Skip to Content
BlogCodeObservability considerations

A Practical Observability Playbook: Golden Signals, RED/USE, and SLO-Driven Alerting

If you want monitoring that actually helps during incidents (instead of becoming dashboard wallpaper), anchor everything to a few proven frameworks:

  • Golden Signals: latency, traffic, errors, saturation
  • RED (request-driven services): Rate, Errors, Duration
  • USE (infrastructure): Utilization, Saturation, Errors

These frameworks keep you focused on what matters, across UI, services, and infrastructure—without inventing a new taxonomy for every team.


Data plumbing: Metrics + Logs + Traces (and why exemplars matter)

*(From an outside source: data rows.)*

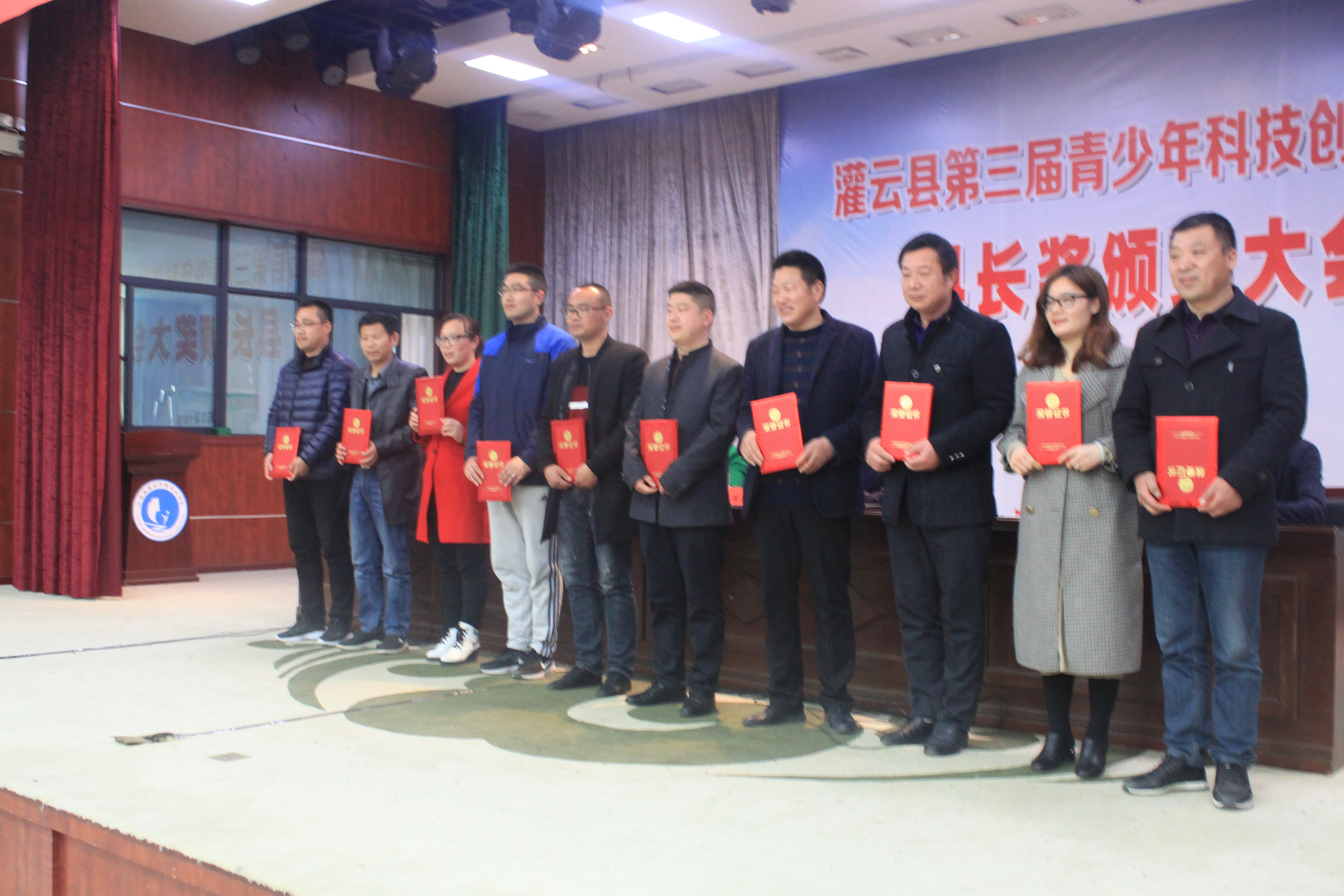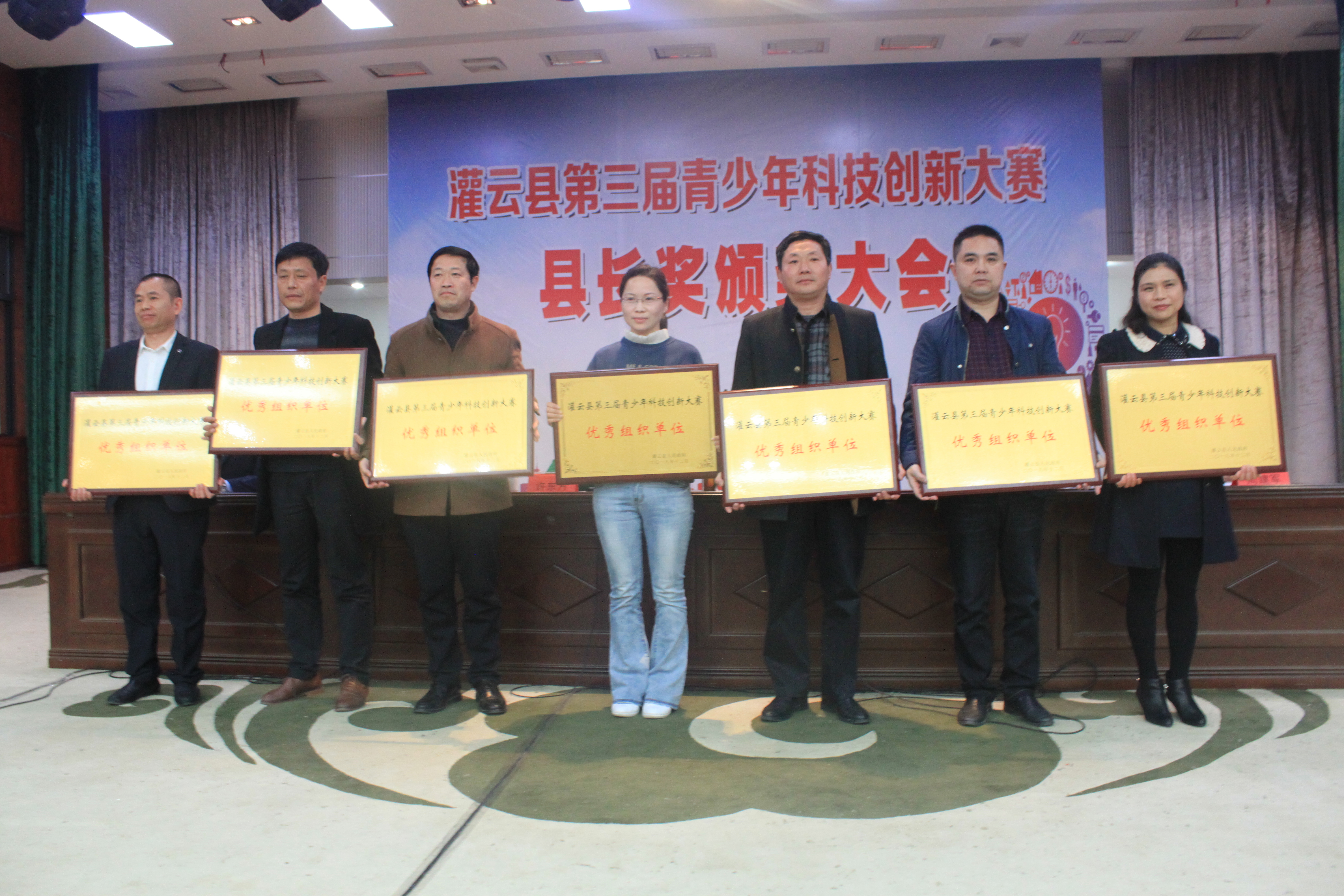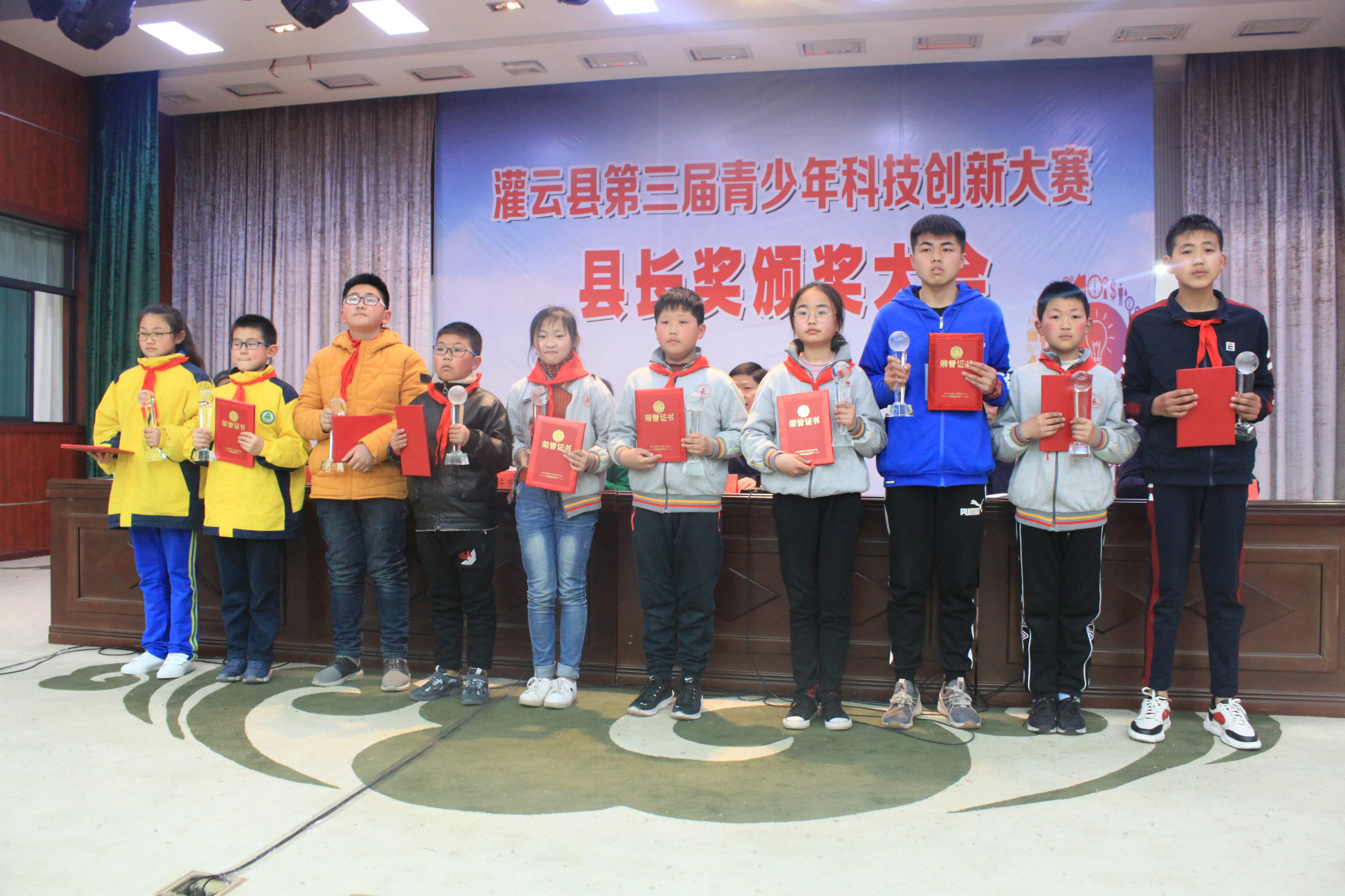 会上,宣读了表彰文件,各位领导为获得青少年科技创新县长奖各类奖项的学生、老师颁发证书和奖杯,并启动灌云县第四届青少年科技创新大赛县长奖评选活动。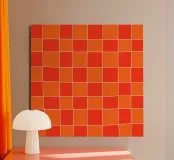 Alzate il tiro con questo design retrò a scacchiera rosso-arancio. I quadri e i blocchi di colore vivaci sono una dichiarazione audace, in equilibrio tra lo stile nostalgico degli anni '70 e il minimalismo moderno. Un pezzo d'arte da parete eclettico perfetto per aggiungere calore, energia e design vibrante all'arredamento della vostra casa.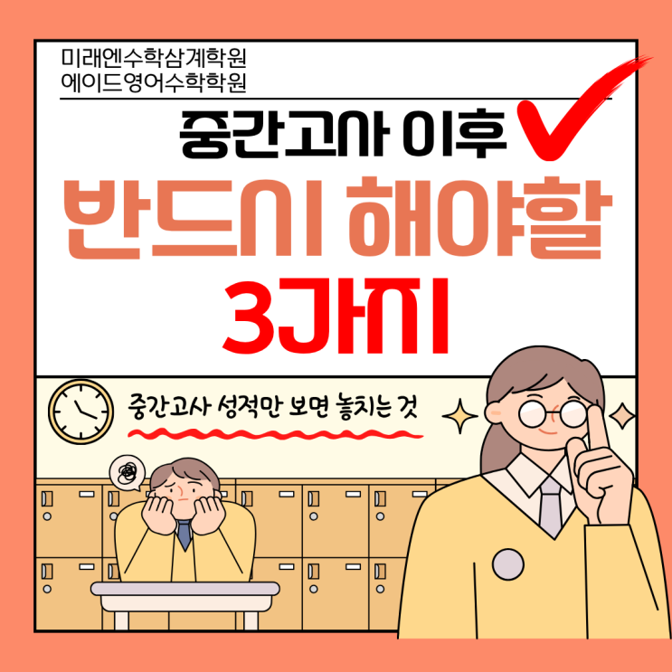 안녕하세요 나나쌤이예요 우리 친구들 중간고사 준비하느라 많이 힘들었는데요 오늘은 시험보다 중요한 중간고사 이후 꼭 해야 할 일들에 대해 포스팅해 볼게요! 중간고사가 끝나고 나면 많은 학부모님들께서 가장 먼저 확인하시는 것은 역시 ‘점수’입니다. 하지만 현장에서 아이들을 지도하다 보면 점수 자체보다 더 중요한 것이 따로 있다는 것을 자주 느끼게 됩니다. 같은 80점이라도 어떤 학생은 곧 90점대로 올라가고, 어떤 학생은 계속 같은 점수에 머무르는 이유가 분명히 존재하기 때문입니다. “우리 아이는 분명히 공부를 했는데 왜 성적이 오르지 않을까요?” 중간고사 이후 상담에서 가장 많이 듣는 질문이기도 합니다. 결론부터 말....... <img src="https://blogthumb.pstatic.net/MjAyNjA0MjhfMTc5/MDAxNzc3MzQzNTM3Mjc2.jSsy4Ge7zf40Ph2jcJ_-lHmbtowVI6PjZvDkbBLo1uQg.hZst7UhSqvC0F2oGsOcuajsu_Ly3CnbM4-q2w3cSdbEg.PNG/%C1%DF%B0%A3%B0%ED%BB%E7%C0%CC%C8%C4.png?type=s3" />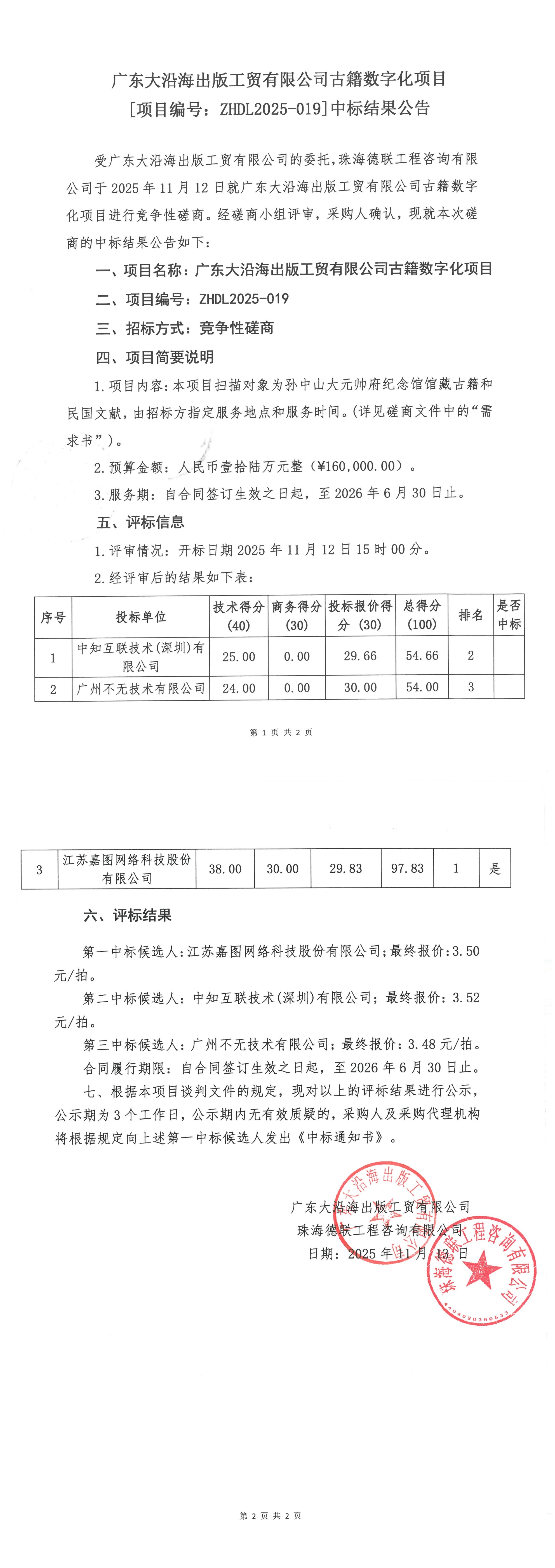 广东大沿海出版工贸有限公司古籍数字化项目[项目编号:ZHDL2025-019]中标结果公告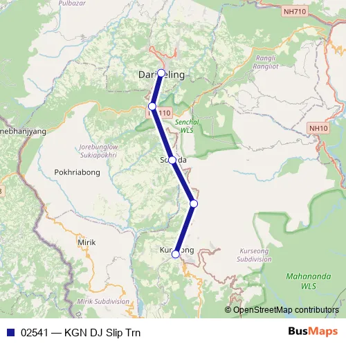 The first stop of the 02541 rail route is Kurseong and the last stop is Darjeeling. 02541 (KGN DJ Slip Trn) is operational during everyday.

A modern “full stack” setup often looks like:

  • Metrics: Prometheus / OpenTelemetry → Grafana
  • Logs: Loki
  • Traces: Tempo
  • Bonus: Exemplars connect them.

Exemplars are the bridge from “something looks slow” (a metric datapoint) to the exact trace responsible. In Grafana, that means you can click a slow latency spike (say P99) and jump straight to the corresponding trace in Tempo—hugely reducing time to root cause.

Rule of thumb:

  • Metrics answer: “Is this getting worse? How often?”
  • Logs answer: “What exactly happened?”
  • Traces answer: “Where did the time go across services?”

Metrics that won’t lie: histograms + percentiles (not averages)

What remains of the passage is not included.